The other day I decided to spend some time and educate myself better on the subject of aggregations. Much to my surprise, no matter how hard I tried hitting different aggregations in the Internet Sales measure group of the Adventure Works cube, when I got the Get Data From Aggregation event in the SQL Profiler, it always indicated an Aggregation 1 hit.

Aggregation 1 100,111111111111111111111

I found this strange given that all partitions in the Internet Sales measure group share the same aggregation design which has 57 aggregations in the SQL Server R2 version of Adventure Works. And I couldn’t relate the Aggregation 1 aggregation any of the Internet Sales aggregations. BTW, the aggregation number reported by the profiler is a hex number, so Aggregation 16 is actually Aggregation 22 in the Advanced View of the Aggregations tab in Cube Designer. With some help from Chris Webb and Darren Gosbell, we realized that Aggregation 1 is an aggregation from the Exchange Rates measure group. Too bad the profiler doesn’t tell you which measure group the aggregation belongs to. But since the Aggregation 1 vector has only two comma-separated sections, you can deduce that the containing measure group references two dimensions only. This is exactly the case of the Exchange Rates measure group because it references the Date and Destination Currency dimensions only.

But this still doesn’t answer the question why the queries can’t hit any of the other aggregations. As it turned out, the Internet Sales and Reseller Sales measure group includes measures with measure expressions to convert currency amounts to USD Dollars, such as Internet Sales, Reseller Sales, etc. Because the server resolves measure expressions at the leaf members of the dimensions at run time, the server cannot benefit from any aggregations. Basically, the server says “this measure value is a dynamic value and pre-aggregated summaries won’t help here”. More interestingly, even if the query requests another measure that doesn’t have a measure expression from these measure groups, it won’t take advantage of any aggregations that belong to these measure groups. That’s because when you query for one measure value in a measure group, the server actually returns all the measure values in that measure group. The Storage Engine always fetches all measures, including a measure based on a measure expression – even when it may not have been requested by the current query. So, it doesn’t really matter in this case that you requested a different measure – it will always aggregate from leaves.

To make the story short, if a measure group has measures with measure expressions, don’t bother adding aggregations to that measure group. So, all these 57 aggregations in Internet Sales and Measure Sales that the Adventure Works demonstrates are pretty much useless. To benefit from an aggregation design in these measure groups, you either have to move measures with expressions to a separate measure group or don’t use measure expressions at all. As a material boy, who tries to materialize calculations as much as possible for better performance, I’d happily go for the latter approach.

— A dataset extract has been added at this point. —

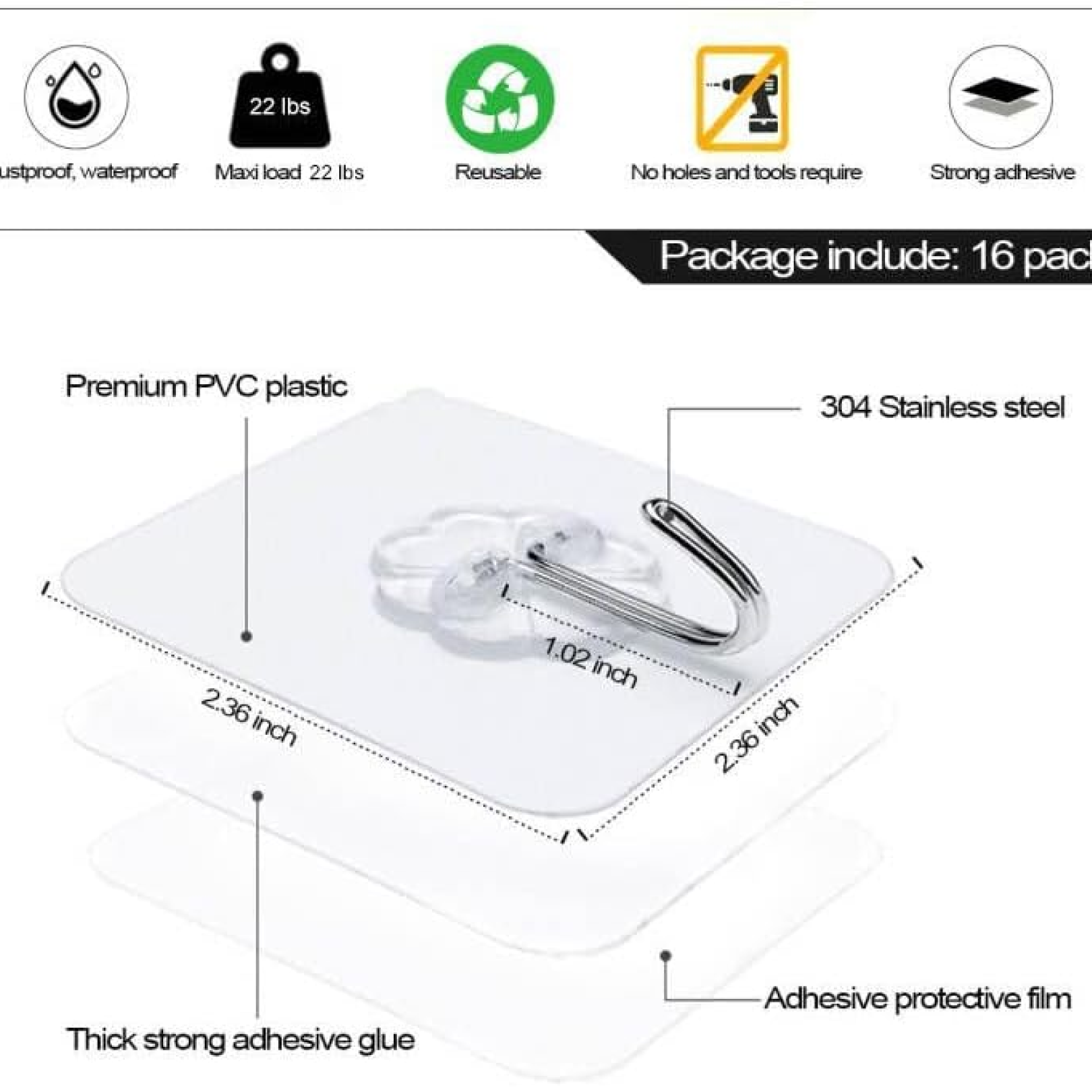 Material: Strong PVC adhesive base + stainless steel hook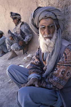 As his village is searched, an old Afghan man sits next to a U.S. Army soldier in Mani Kheyl, Afghanistan.

BTW, while we are on the subject of aggregations, I highly recommend you watch Chris Webb’s excellent Designing Effective Aggregation with Analysis Services presentation to learn what the aggregations are and how to design them. Finally, unlike the partition size recommendations that I discussed in this blog, aggregations are likely to help with much smaller datasets. Chris mentions that aggregations may help even with 1-2 million rows in the fact table. The issue with aggregations is often about building the correct aggregations, and in some cases to be careful not to build too many aggregations.